S505: learning, by a potential relationship network, a correlation between the AU center point and the AU based on the attention score matrix, the first initial adjacency matrix, and the second initial adjacency matrix. It should be understood that the specific implementation manner of S505 is similar to that of S604 to S605 described below, and is not described herein again.

The present embodiment can be known from the descriptions of S502 to S503, and provides a specific combination manner of the local feature and the attention mechanism, and a specific formula of the attention score matrix for determining the association relationship between AU centers, so as to ensure that attention to the region of interest is realized through the attention score matrix.

The present embodiment focuses on refining S304 in fig. 3. The method of the embodiment comprises the following steps:

s601: acquiring a face image, and determining local features corresponding to the face point based on the face image; the human face image comprises a plurality of Action Units (AUs), each AU comprises at least one face point, and the face point is an AU central point; it should be understood that the specific implementation manner of S601 is similar to that of S401 to S402, and is not described herein again.

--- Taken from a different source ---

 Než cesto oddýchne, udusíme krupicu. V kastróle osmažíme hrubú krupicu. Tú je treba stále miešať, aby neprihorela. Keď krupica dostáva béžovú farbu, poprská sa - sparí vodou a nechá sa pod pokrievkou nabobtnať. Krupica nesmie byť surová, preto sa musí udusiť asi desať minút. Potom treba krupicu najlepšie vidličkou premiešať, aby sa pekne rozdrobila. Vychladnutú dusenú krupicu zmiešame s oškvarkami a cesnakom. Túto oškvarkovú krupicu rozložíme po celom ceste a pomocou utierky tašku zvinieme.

S602: determining an attention score matrix of AU center association relation through an attention mechanism based on the local features; wherein the AU center association relationship is an association relationship between the AU center points, and elements in the attention score matrix are used for reflecting attention of the association relationship between the AU center points; it should be understood that the specific implementation manner of S602 is similar to that of S502 to S503, and is not described herein again.

After S602, as can be seen from FIG. 2, the attention score matrix

And performing dot product operation with the first initial adjacency matrix or the second initial adjacency matrix in S603, wherein the dot product result corresponding to each initial adjacency matrix is used as an input to perform learning of a space diagram and a non-space diagram, and the space diagram and the non-space diagram are used as two types of potential diagrams to finally form a potential multi-relation diagram. The side information of the potential multi-relation graph is a characteristic result of AU center association relation. The nodes of the potential multi-relationship graph are defined as N =20 and correspond to 20 local features (representations of regions of interest in the salient region set) output in the local feature extraction stage. In each potential graph, all nodes constitute (a) ((b))x ₁ ，x ₂ ，…，x ₂₀ ) And the nodes are 256-dimensional vectors.

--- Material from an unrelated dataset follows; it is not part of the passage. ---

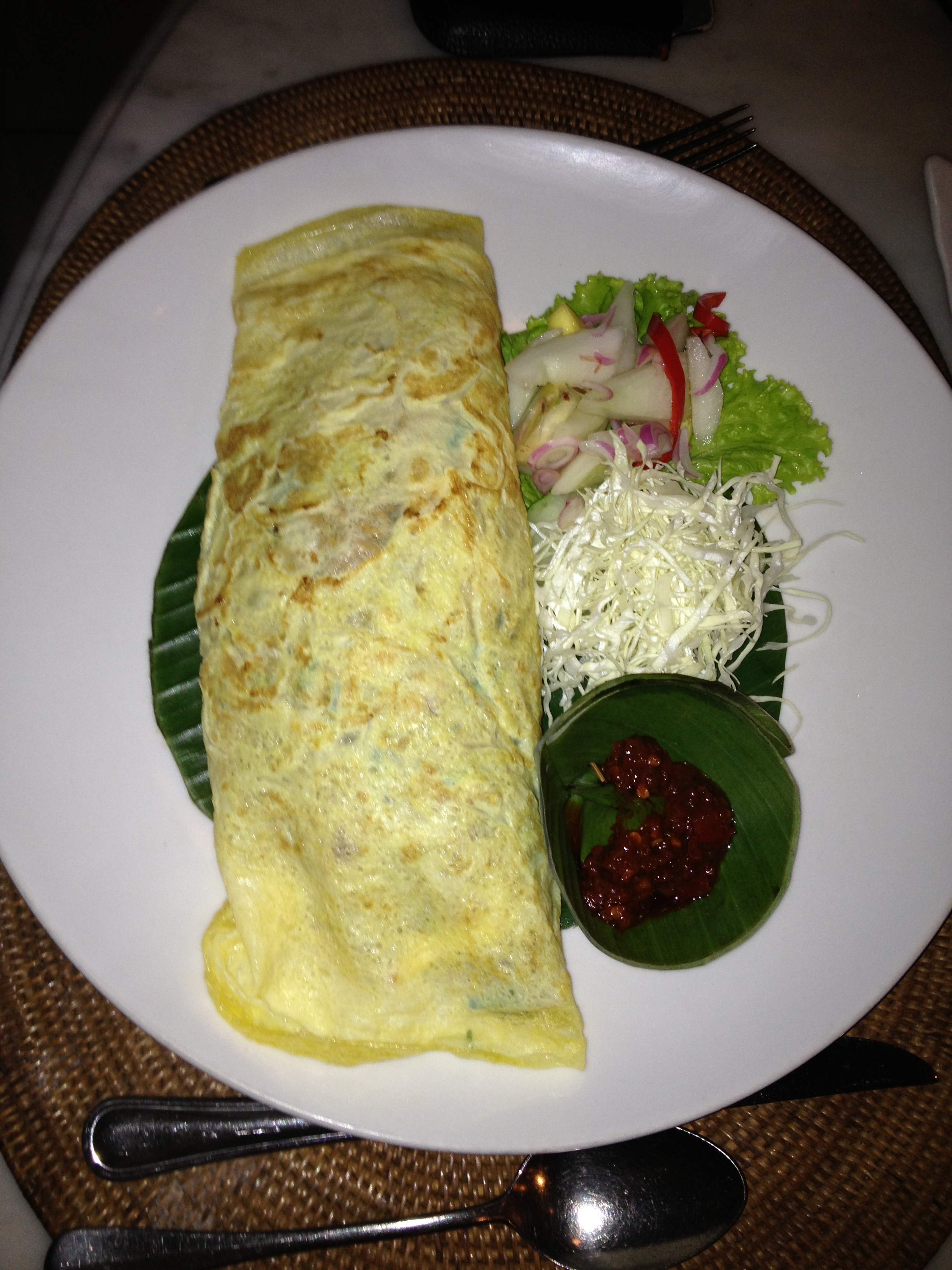 Seafood Nasi Goreng in a crepe. Very nice.

S603: acquiring a first initial adjacency matrix and a second initial adjacency matrix of an AU center incidence relation respectively set for a spatial relation and a non-spatial relation; it should be understood that the specific implementation manner of S603 is similar to that of S303 described above, and is not described herein again.

S604: when the potential relationship network comprises a scaling dot product attention module and a graph convolution neural network module which are connected in sequence, calculating a first dot product result of the attention score matrix and the first initial adjacency matrix and a second dot product result of the attention score matrix and the second initial adjacency matrix by the scaling dot product attention module, as shown in equation (5):

（5）

wherein the content of the first and second substances,

an attention score matrix for AU-centric associations,

is the first initial adjacency matrix or the second initial adjacency matrix when

In the case of the first initial adjacency matrix,

for the first product result, when

In the case of the second initial adjacency matrix,

is the second dot product result, becausexIs 20X 256, and thus

Also 20 × 256.

The embodiment of the application uses an SDP (Scale Dot-Product) attention module. In each of the potential figures, there is shown,

each can be understood as an adjacency matrix among 20 nodes, and the side information of the adjacency matrix is used for indicating the strength of the association relationship. That is to say that the position of the first electrode,

each side information in (2) can be used as a weight pair

The strength of each association in (a) is adjusted to obtain a new association strength.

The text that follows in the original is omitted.